Want to hear my favorite tax-day memory? Too bad, you're going to hear it anyway. I was in high school, at a dance with my cousin Katie. Her father, my Uncle Tom, picked us up from the dance at 11:48 and said, "Quick, get in the car, we have twelve minutes to get to the post office." Then followed a wild ride through downtown Buffalo and into the old First Ward. We drove through neighborhoods that looked like the one pictured below, and my uncle, while speeding through the dark streets, took the time to give us a little history of the area, first built up by Irish immigrants in the 1820s. I was fascinated by the dismal old houses. There was not a light on in any house and their steep gables seemed vulnerable yet also slightly menacing. That midnight ride to the post office made such an impression on me that and as an adult I tried in vain to find the area he said was called the "Valley" and once even got lost after crossing two drawbridges into the sort of neighborhood where people circle you like sharks when you stop for a red light.

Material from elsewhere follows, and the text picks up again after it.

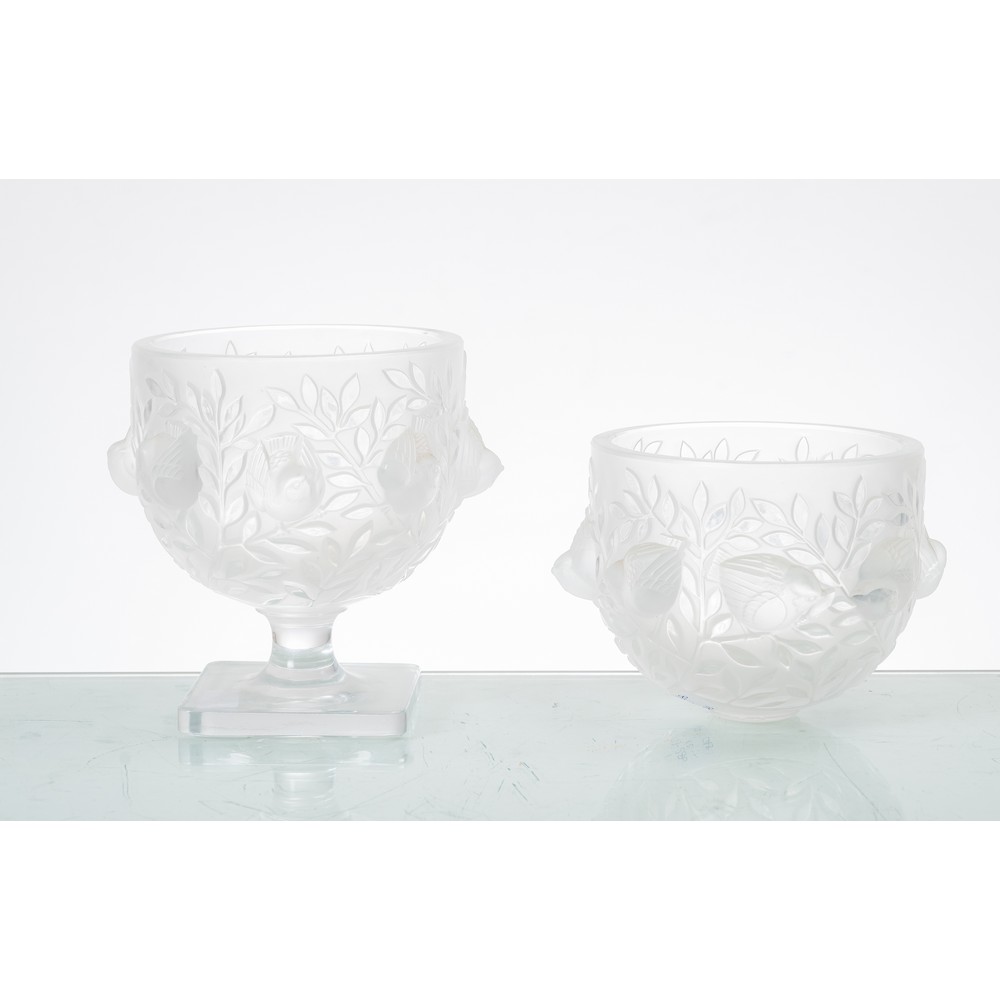 Due piccole alzate in cristallo lavorate a rilievo (una base mancante).

Anyway, back on that tax day, we screeched into the parking lot of the post office, and joined a line of cars that approached a postal clerk who stood in the middle of the lot with a stamp and a bin. You handed your tax return to him, through your car window, and he stamped it with an April 15th postmark and dropped it into the bin. I seem to remember there was some generosity here, perhaps a one or two minute extension of the deadline, like if you were in line by midnight, they'd still stamp your tax return. At any rate, we got there in time, but only just. I thought it extremely exciting. My own parents' method of paying taxes was far less dramatic.
I did a search, on tax day, to see if some post offices still stay open until midnight on April 15th, and it appears that they do not. Spoilsports.